These models were named with the nomenclature listed below:

  • \({D}_{i-j}\to {D}_{i}\): dengue (\(i-j\) past samples) for predicting dengue at the target week \(i\).

  • \({O}_{i-j}\to {D}_{i}\): ovitrap index (\(i-j\) past samples) for predicting dengue at the target week \(i\).

Figure 2 illustrates the performance of the trained models of dengue forecasting for aggregate values.

Figure 2
figure 2

Evaluation of LSTM models performance for dengue forecasting based on aggregate time-series data. The models were trained and tested 30 times. Bars indicate mean values, and whiskers indicate a standard error, both for RMSE and r metrics.

The error of the models was quantified by RMSE (Root-mean-square Error) and the goodness-of-fit by correlation coefficient (r) between observed values and predicted values. The plot RMSE versus r indicates that the two best-ranked models were D → D, when the input considers the \(i-1\) previous sample, and O → D, when the input considers \(i-6,i-5,i-4\) previous samples. Also, it can be observed from Fig. 2 that the performance of the models D → D decreases when older samples are used for prediction. In contrast, this was not the case for O → D models, where the best performance was achieved with the older samples of the predictor. Finally, it is worth noting that the RMSE for the O → D models is lower than the D → D models' values, mainly when older samples are used for prediction.

A detailed perspective of the response of the two models with the best predictions is represented in Fig. 3. The predicted response for these models closely follows the actual values, which is quantified by a correlation coefficient close to 0.9 (0.92 and 0.89 respectively, p < 0.001) and RMSE < 5 in both cases.

Figure 3
figure 3

Predictions of LSTM models were trained and tested 30 times. Left panels depict the scatter plots for Observed vs. Predicted values. The right panels show the time series of the mean of the predicted values for the 30 repetitions and the observed values for a test set of samples.

Analyzing aggregate values broken down by yearly periods

Figure 4 reveals that time lag and cross-correlations could change over the years, suggesting that a complex dynamic could trigger underlying links between the vector increase estimated by ovitraps and the incidence of dengue. Of note, not every year in which an increase in egg density occurred, there was an increase in dengue cases (2017).

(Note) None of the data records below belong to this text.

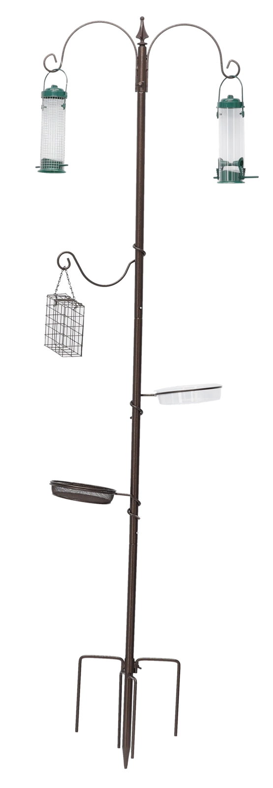Das multifunktionale Design ist vorbereitet für Samen, Sonnenblumenkerne, Nüsse und Fettblöcke und bietet zudem Platz für Wasser. Im Lieferumfang sind Erdanker zur Befestigung im Boden enthalten, die die Stabilität auch bei Wind deutlich erhöhen. Die Montage ist schnell und intuitiv, die Demontage erleichtert die Einlagerung außerhalb der Saison.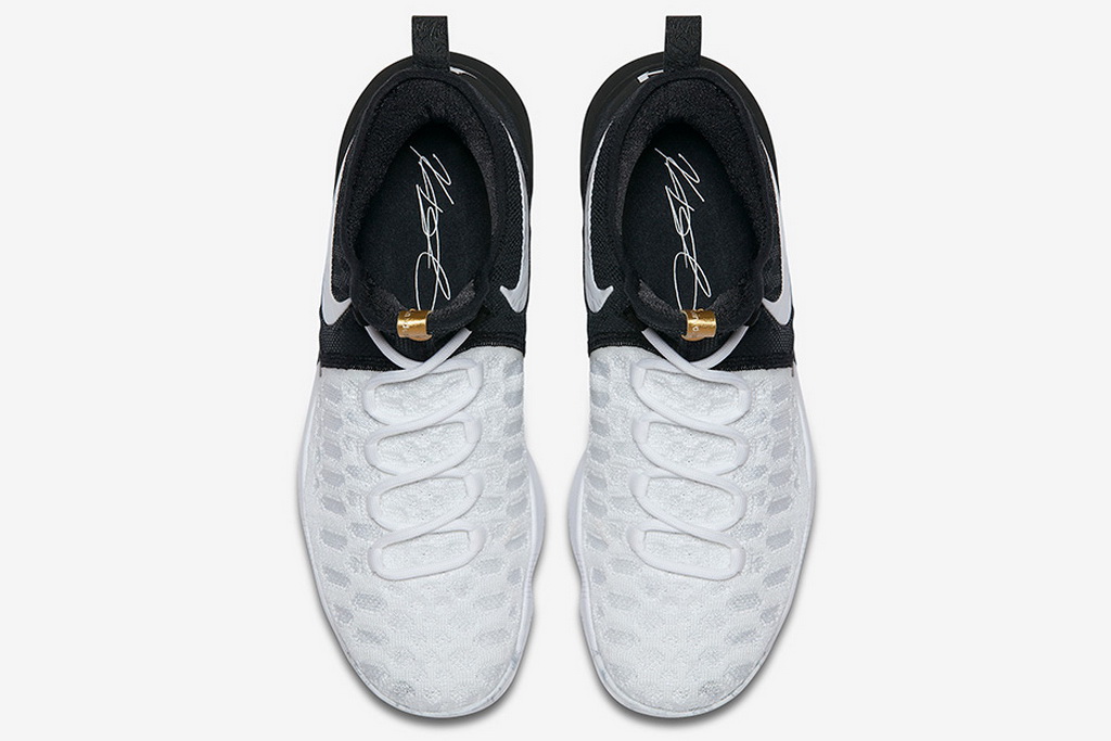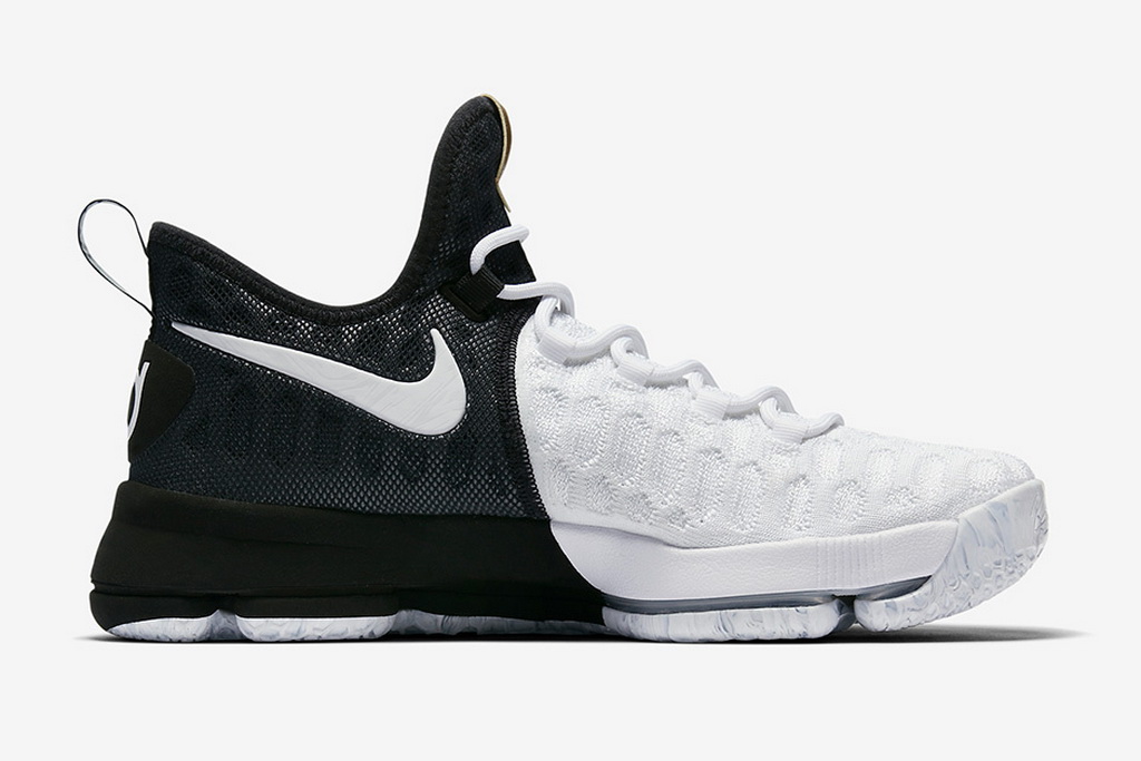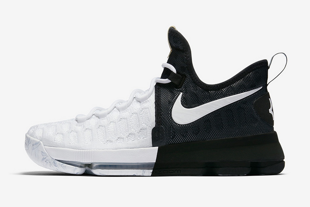 NBA 球星 Kevin Durant 之签名鞋款 Nike KD 9 推出全新「BHM」配色。每年二月之所以被称为黑人历史月(Black History Month),是因为用来纪念美国黑人为战胜奴役制度、偏见及贫困,回顾黑人为美国文化和政治生活做出的贡献。鞋款前足位置采用白色聚酯纱线并以 Flyknit 技术编织而成,而后跟黑色部分则采用网布与泡棉打造,为用家带来如袜般的紧密贴服,带来舒适著用效果。中底选用改良了的 Nike Zoom Air 气垫,为用家带来更好的灵活度,提供比以往更为灵敏的缓震效果。据悉此 KD 9 全新「BHM」配色将于 2 月 16 日在美国 Nike Store 上架,定价为 $150 美元。 |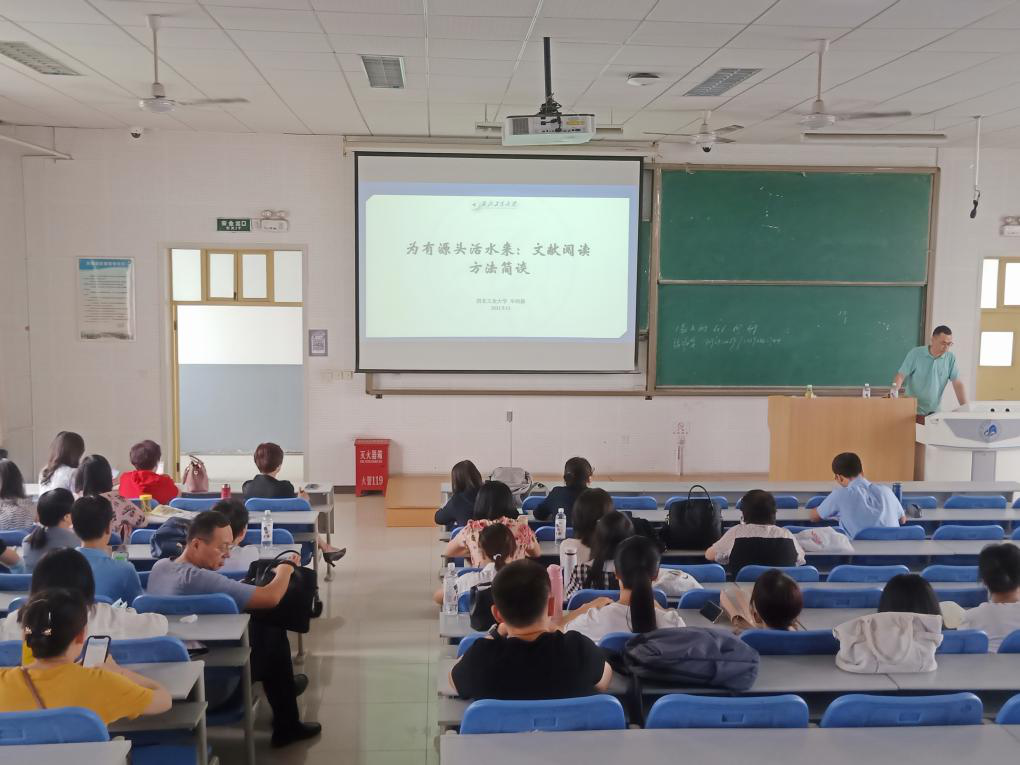 2021年9月15日下午四点,外国语学院举行了 “英华学术论坛”第31期学术讲座,西北工业大学助理教授、硕士生导师车向前博士应邀为我院全体教师做了题为《为有源头活水来:文献阅读方法简谈》的主题报告,外国语学院副院长王雨副教授主持了本次学术讲座。
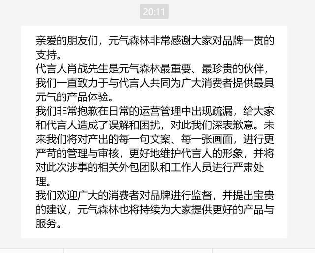 元气森林今日晚间对此致歉,称代言人肖战先生是元气森林最重要、最珍贵的伙伴,公司一直致力于与代言人共同为广大消费者提供最具元气的产品体验。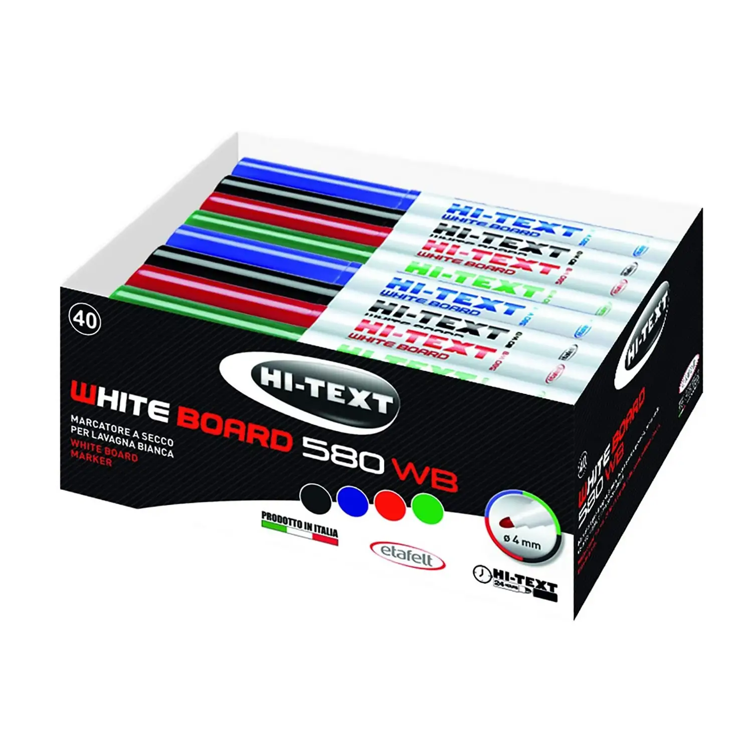 Marcatore a Secco Hi-Text – Set 40 Pezzi 4 Colori per Lavagne Cancellabili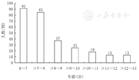 本研究共收集282份ADHD待确诊患儿的评估资料。男219例,女63例,男女= 3.51.0,具体年龄分布及人数见图2,年龄(8.0±1.6)岁。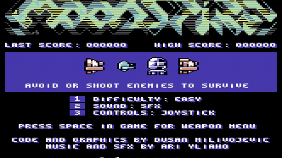 No-one was prepared for the Draxx onslaught on Arcturus 7. Thousands of lives were lost in the initial attack, and hundreds more in the chaotic aftermath. The remaining human colonists rallied and began to strategize a retaliation, but it was too late. The Draxx had called back their forces to the far side of the planet's only moon - taking with them the control orbs from the now rapidly cooling thermal-boosters, halting the terraforming process and reverting the planet back to an inhabitable and desolate ice world. YOU are mankind's only hope. Infiltrate the Draxx Moonspire, cause as much devastation as possible and reclaim the stolen orbs! Moonspire is a sprawling flip-screen exploratory sci-fi shmup developed for the 1983 Commodore 64 home computer by Dušan Milivojević. Initially created as a short one-level demo back in 2014, this final six-level commercial release of the game features over 260 screens to fight through, enhanced firing mechanics and audio by Ari "agemixer" Yliaho.
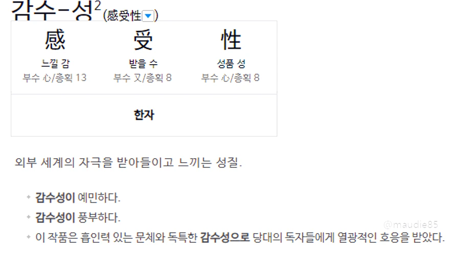 외부 세계의 자극을 받아들이고 느끼는 성질
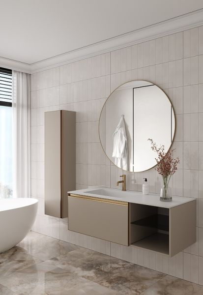 Главной особенностью коллекции являются обрамления фасадов из алюминия в самых трендовых цветах: графит, матовое золото, матовый черный и серебро. Эти обрамления идеально дополняют сантехнику в ванной комнате.

However, those years in which there was an increase in dengue cases were preceded by increased egg count in ovitraps.

Figure 4
figure 4

Dengue and EDI by annual periods. Upper panels show Dengue Incidence and EDI aggregated for the municipality; the time series are categorized yearly, from 2016 to 2019. The bottom panels illustrate Dengue Incidence and EDI, but the EDI time series was shifted for visualizing the best correlation. For all panels, aggregated EDI was estimated by weighting the values for the neighborhoods by the respective population. The neighborhood with the higher population was multiplied by 1, and the remainder was multiplied by a proportional factor.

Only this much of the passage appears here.